# TASK DETAILS:
From the material below, retype exactly the lines that begin at the line with "Nous sommes situés" and end after the line with "The photo shows"; pictures stay out of the copy.

# DATA SHOWN:
* * *
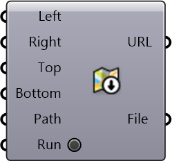 Download all OSM data within given bounds (be careful with the size of the region). OSM data will be downloaded to a cache and accessible by using the URL as input to import components. Providing the file path input will copy the data to the given location and can then be used to import later
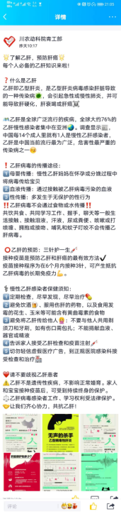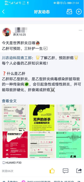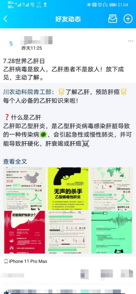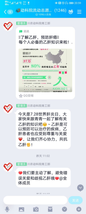 图为官方QQ账号宣传文案截图 图为川农大动科青工向大学生们科普乙肝知识
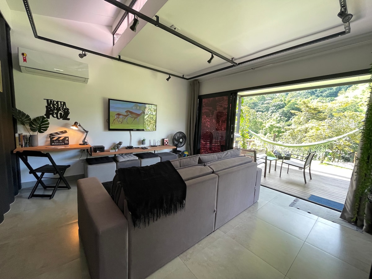 Nous sommes situés à Sana RJ dans une grande propriété avec un emplacement privilégié. Nous cherchons à offrir à nos clients des moments et des souvenirs inoubliables de beaucoup de paix, de repos et de contact avec la nature. Il y a deux terrasses dans la zone extérieure, l'une avec une vue panoramique et privée et la seconde au bord de la rivière. Idéal pour la méditation, les pratiques de yoga et bien sûr, les jeux avec les enfants. Pour les créateurs de contenu, un espace parfait pour des photos et des vidéos incroyables ! Suivez @aconchegonosana
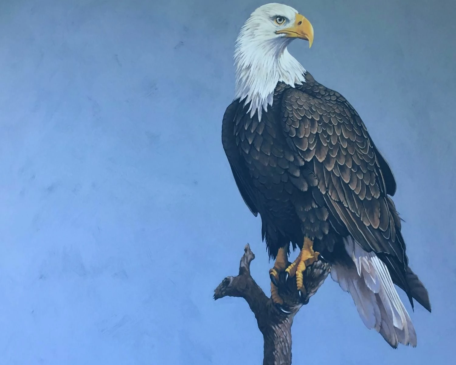 The photo shows a bald eagle in Florida. The eagle is perched in a tree. You can see the comparison of the white and dark feathers. The huge yelllow beak, the yellow talons that are so strong. The eyes that see so much better than a human’s eye. Photo shows it all.
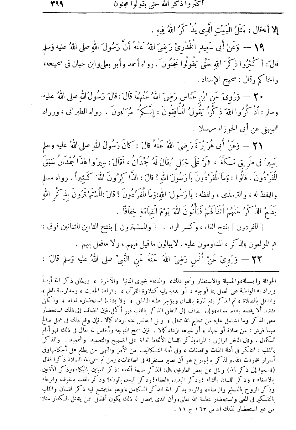 21 - وعنْ أبي هريرة رضي الله عنه قال: كان رسول الله صلى الله عليه وسلم يسير في طريق مكَّة، فمرَّ علي جبلٍ يقال له جمدان، فقال: سيروا هذا جمدان سبق المفرِّدون. قالوا: وما المفرِّدون يا رسول الله؟ قال: الذاكرون الله كثيراً. رواه مسلم واللفظ له، والترمذي، ولفظه: يا رسول الله: وما المفرِّدون؟ قال: المستهترون بذكر الله يضع الذِّكر عنهمْ أثقالهمْ فيأتون الله يوم القيامة خفافاً.
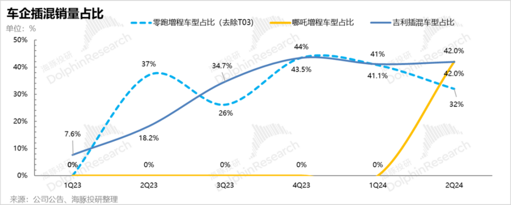 单车价格位于此的车企也意识到了插混在此价格带销量和毛利的双红利,纷纷开始转战插混领域,在 2023 年初就开始陆续推出增程/插混车型,该价格带的目前的插混车玩家仍然以比亚迪、长安、吉利、零跑汽车为主。
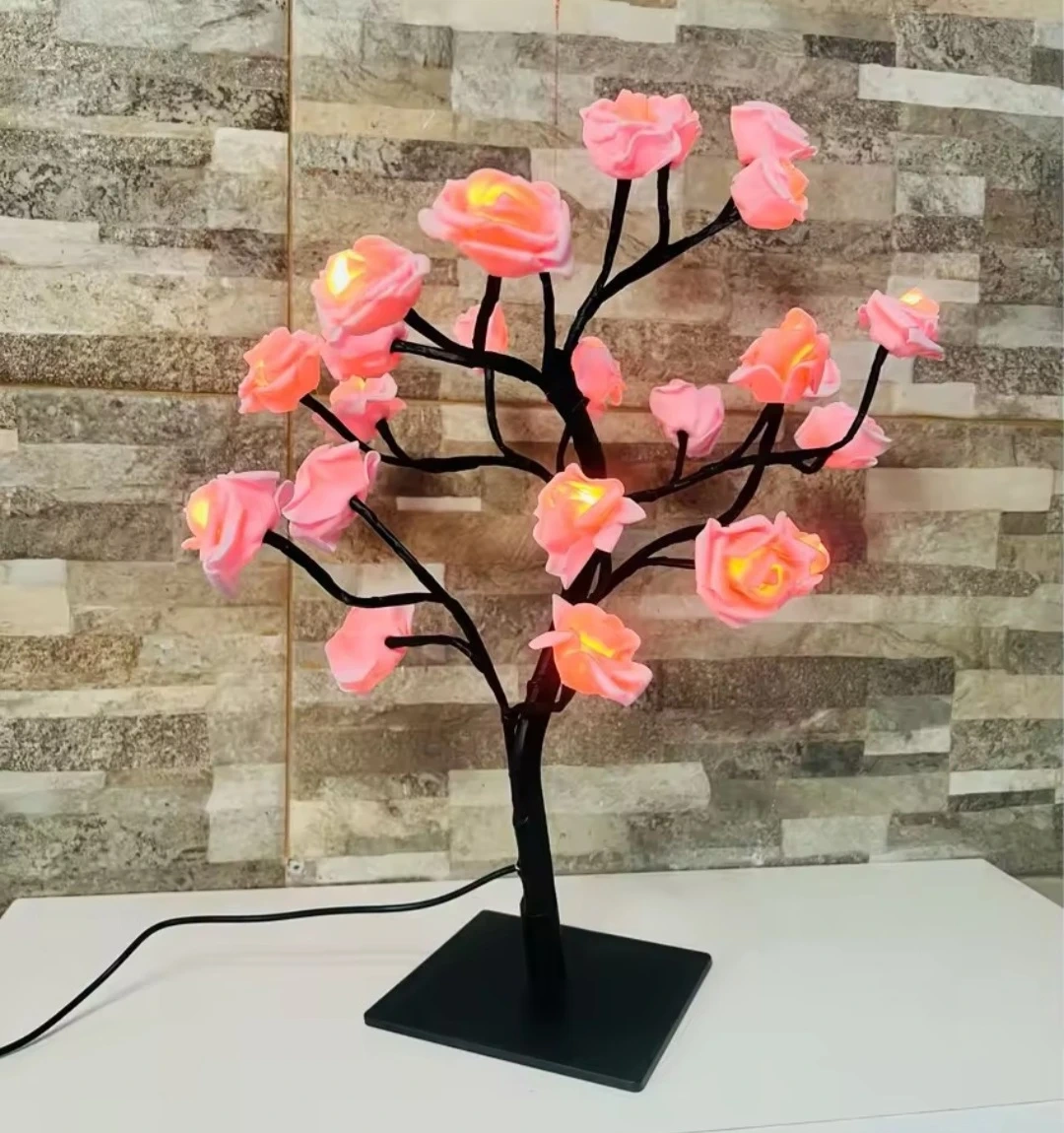 A decorative LED lamp designed to look like a rose tree. It features many pink rose-shaped lights that emit a warm glow. This lamp is powered by a cord and sits on a black square base.
* * *
# ANSWER SPACE:
 Nous sommes situés à Sana RJ dans une grande propriété avec un emplacement privilégié. Nous cherchons à offrir à nos clients des moments et des souvenirs inoubliables de beaucoup de paix, de repos et de contact avec la nature. Il y a deux terrasses dans la zone extérieure, l'une avec une vue panoramique et privée et la seconde au bord de la rivière. Idéal pour la méditation, les pratiques de yoga et bien sûr, les jeux avec les enfants. Pour les créateurs de contenu, un espace parfait pour des photos et des vidéos incroyables ! Suivez @aconchegonosana
 The photo shows a bald eagle in Florida. The eagle is perched in a tree. You can see the comparison of the white and dark feathers. The huge yelllow beak, the yellow talons that are so strong. The eyes that see so much better than a human’s eye. Photo shows it all.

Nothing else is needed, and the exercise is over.